What is required.
Transcribe, exactly and without pictures, the lines below from the line with "Салат с хрустящим" to the line with "Женщина среднего возраста", both ends included, and no others.

Records shown.
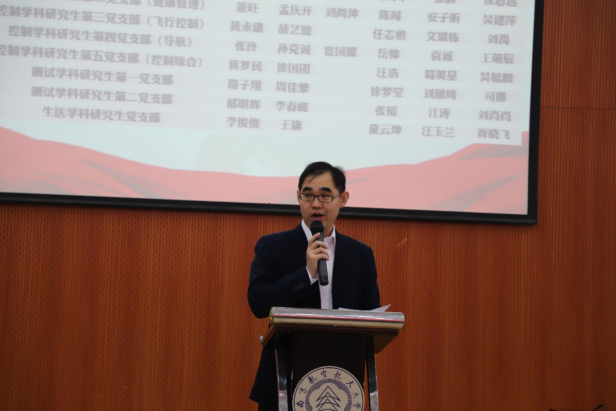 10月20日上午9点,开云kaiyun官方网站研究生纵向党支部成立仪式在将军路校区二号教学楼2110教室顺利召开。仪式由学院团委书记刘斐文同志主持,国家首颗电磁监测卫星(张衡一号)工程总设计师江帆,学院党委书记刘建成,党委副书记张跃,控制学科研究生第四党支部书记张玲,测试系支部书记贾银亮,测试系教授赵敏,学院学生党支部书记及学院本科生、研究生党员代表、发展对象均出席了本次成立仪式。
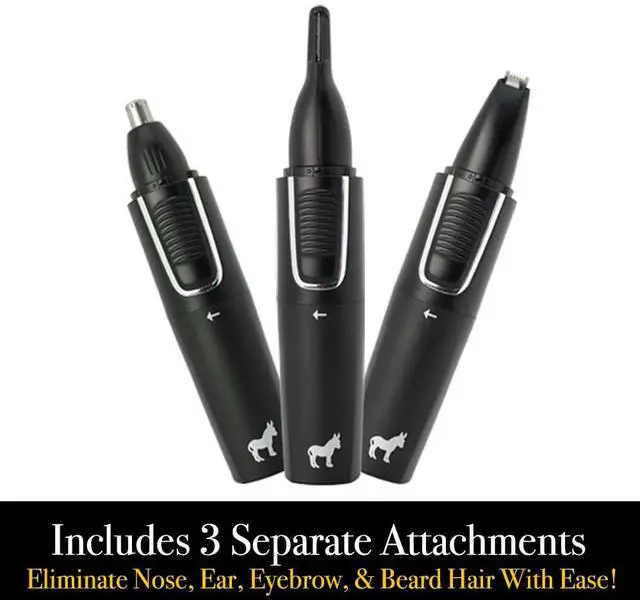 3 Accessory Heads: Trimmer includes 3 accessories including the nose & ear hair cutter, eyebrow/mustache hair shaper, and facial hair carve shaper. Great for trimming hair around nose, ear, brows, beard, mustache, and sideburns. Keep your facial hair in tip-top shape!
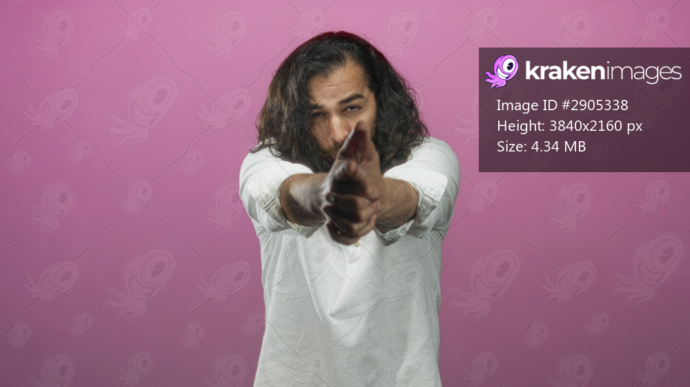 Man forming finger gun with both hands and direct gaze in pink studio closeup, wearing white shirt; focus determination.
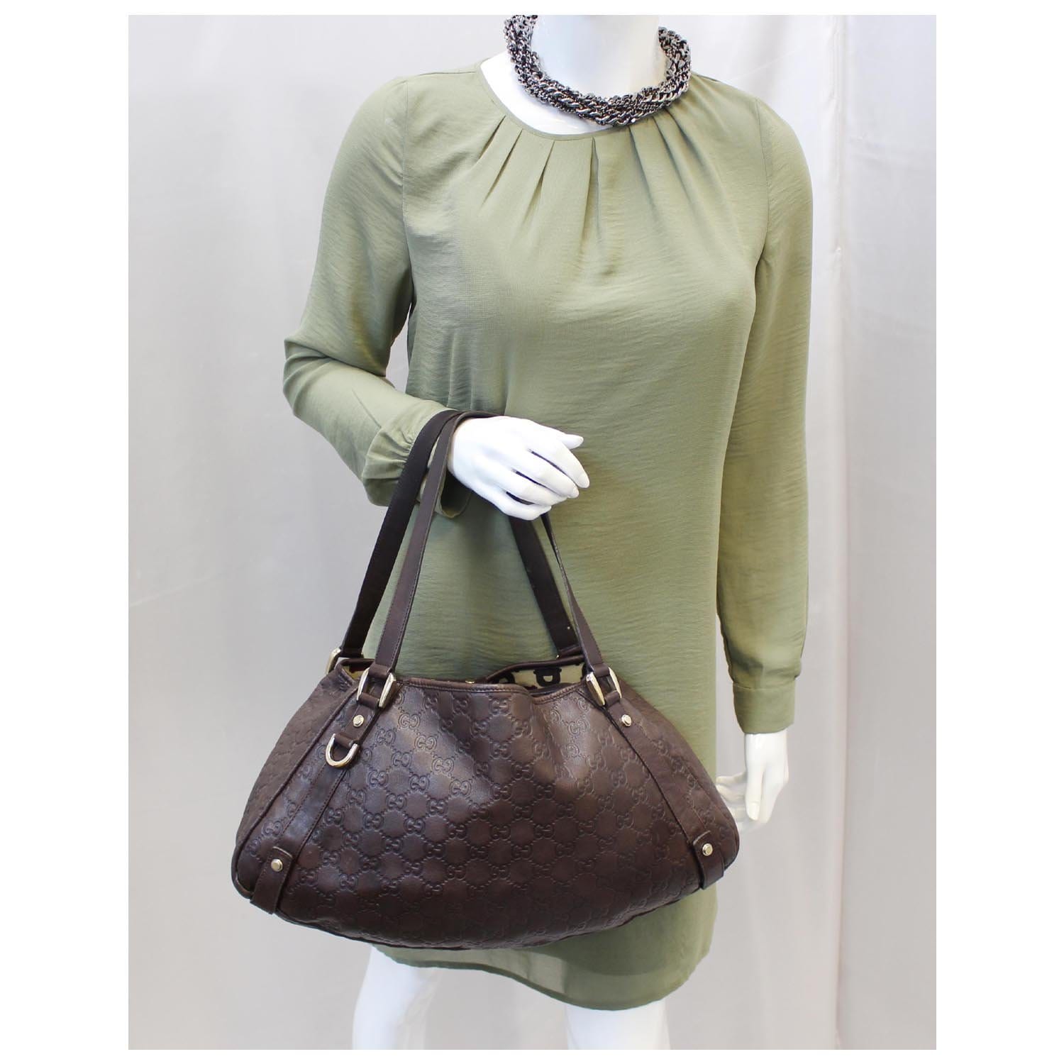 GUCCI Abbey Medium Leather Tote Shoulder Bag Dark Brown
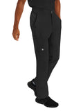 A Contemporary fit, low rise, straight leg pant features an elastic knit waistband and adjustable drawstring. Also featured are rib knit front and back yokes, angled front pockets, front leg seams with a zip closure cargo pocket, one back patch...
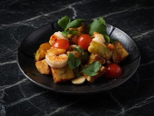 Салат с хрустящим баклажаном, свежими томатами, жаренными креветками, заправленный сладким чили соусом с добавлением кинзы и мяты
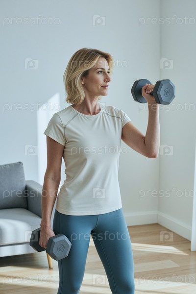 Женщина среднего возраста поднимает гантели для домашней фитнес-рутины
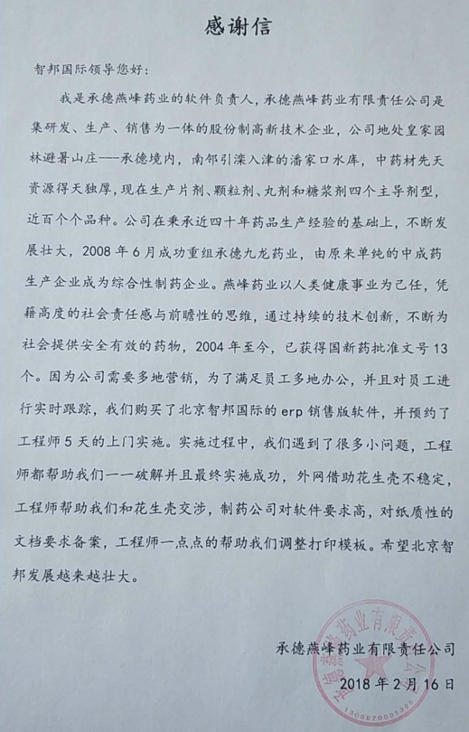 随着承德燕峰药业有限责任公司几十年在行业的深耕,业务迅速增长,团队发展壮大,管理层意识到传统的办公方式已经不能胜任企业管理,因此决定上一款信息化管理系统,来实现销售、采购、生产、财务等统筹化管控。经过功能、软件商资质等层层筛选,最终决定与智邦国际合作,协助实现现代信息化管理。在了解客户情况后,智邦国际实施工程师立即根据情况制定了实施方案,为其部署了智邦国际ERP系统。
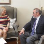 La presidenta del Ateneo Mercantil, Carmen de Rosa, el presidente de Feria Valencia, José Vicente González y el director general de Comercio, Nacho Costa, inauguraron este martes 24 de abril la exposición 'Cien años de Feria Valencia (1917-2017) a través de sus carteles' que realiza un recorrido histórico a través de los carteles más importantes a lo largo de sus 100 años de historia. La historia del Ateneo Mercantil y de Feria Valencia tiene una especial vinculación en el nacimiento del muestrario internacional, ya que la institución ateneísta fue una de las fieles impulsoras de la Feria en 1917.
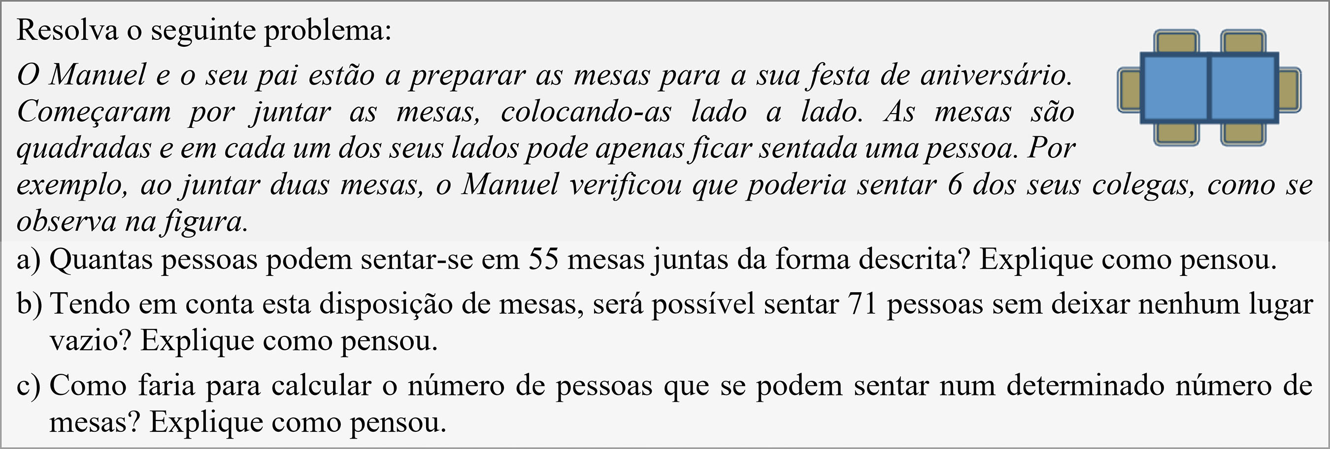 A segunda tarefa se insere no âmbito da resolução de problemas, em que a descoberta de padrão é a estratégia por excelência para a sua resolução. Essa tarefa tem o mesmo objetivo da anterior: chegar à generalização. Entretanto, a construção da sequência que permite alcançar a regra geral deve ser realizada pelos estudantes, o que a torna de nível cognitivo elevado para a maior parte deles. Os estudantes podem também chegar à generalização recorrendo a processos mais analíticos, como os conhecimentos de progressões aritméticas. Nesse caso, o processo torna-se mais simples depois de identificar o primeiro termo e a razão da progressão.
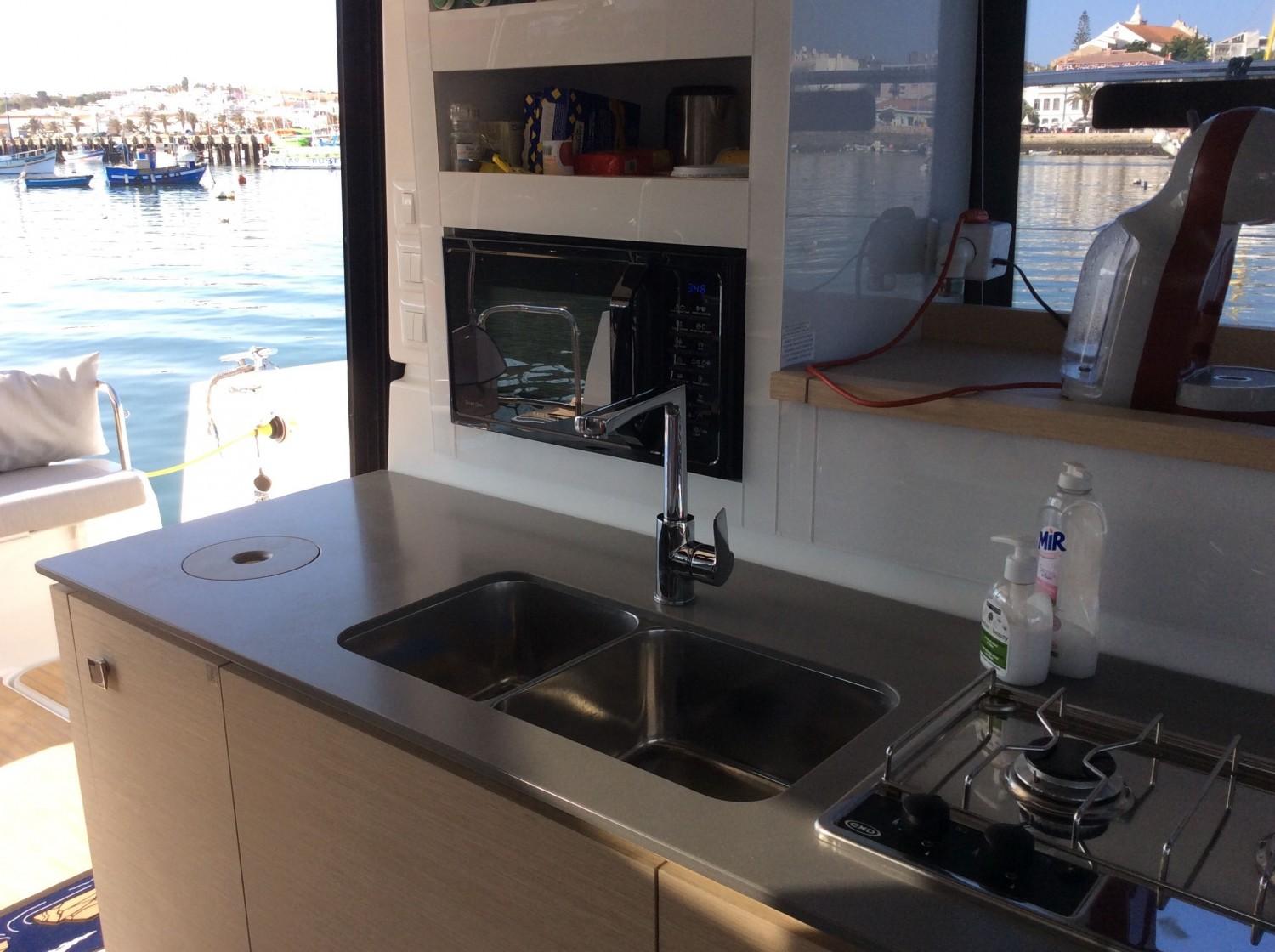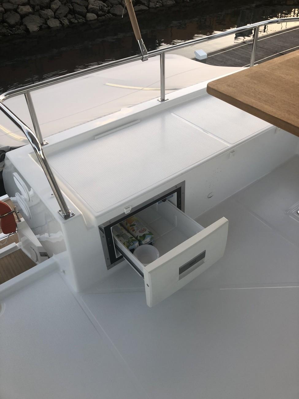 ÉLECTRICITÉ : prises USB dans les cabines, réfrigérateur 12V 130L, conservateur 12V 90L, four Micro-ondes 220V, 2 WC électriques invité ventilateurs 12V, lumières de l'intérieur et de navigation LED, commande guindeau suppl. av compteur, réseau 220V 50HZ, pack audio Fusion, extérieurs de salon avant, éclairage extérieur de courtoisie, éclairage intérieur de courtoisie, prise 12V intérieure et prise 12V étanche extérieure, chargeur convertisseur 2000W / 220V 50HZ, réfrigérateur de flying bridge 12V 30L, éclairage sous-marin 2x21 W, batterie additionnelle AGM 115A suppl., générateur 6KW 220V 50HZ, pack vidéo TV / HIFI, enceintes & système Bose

Response to this exercise.
 Салат с хрустящим баклажаном, свежими томатами, жаренными креветками, заправленный сладким чили соусом с добавлением кинзы и мяты
 Женщина среднего возраста поднимает гантели для домашней фитнес-рутины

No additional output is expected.